[YOUR INSTRUCTIONS] Pictures stay out of the copy; output exactly the lines from the one containing "現在、ソラランド平尾台にはヴ" through the end of the material.

[DATA PROVIDED]
<<<<

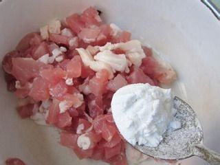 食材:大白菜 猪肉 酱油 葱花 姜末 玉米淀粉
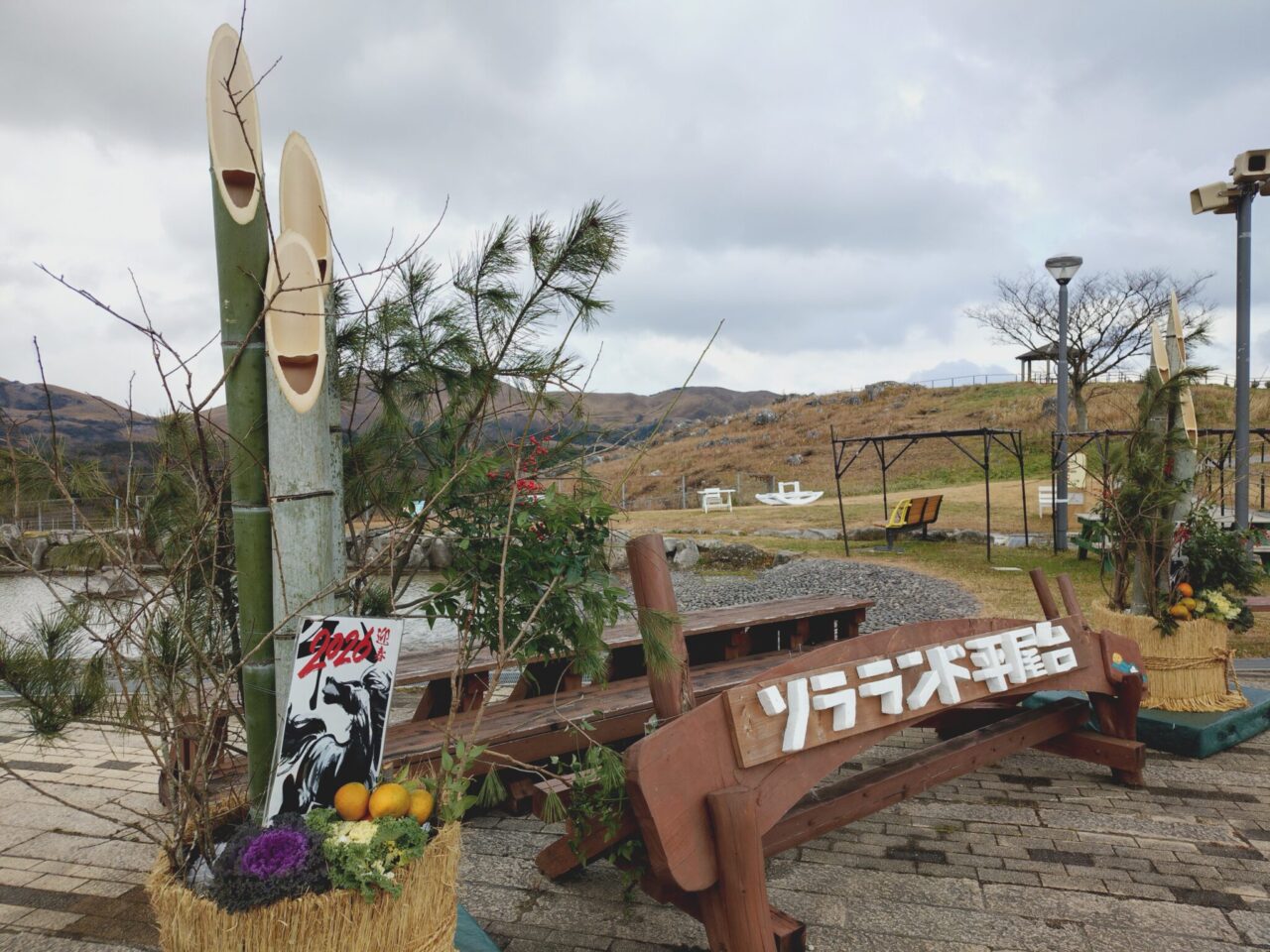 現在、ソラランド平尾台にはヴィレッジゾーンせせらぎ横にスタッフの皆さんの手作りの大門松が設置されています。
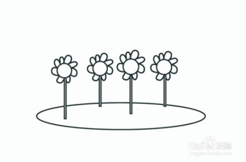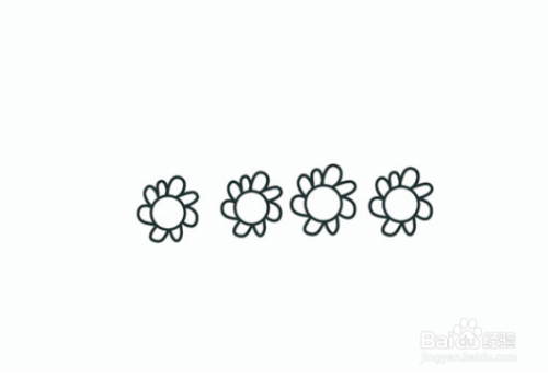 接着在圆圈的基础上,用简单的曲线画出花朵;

>>>>

[PROBLEM SOLUTION]
 現在、ソラランド平尾台にはヴィレッジゾーンせせらぎ横にスタッフの皆さんの手作りの大門松が設置されています。
 接着在圆圈的基础上,用简单的曲线画出花朵;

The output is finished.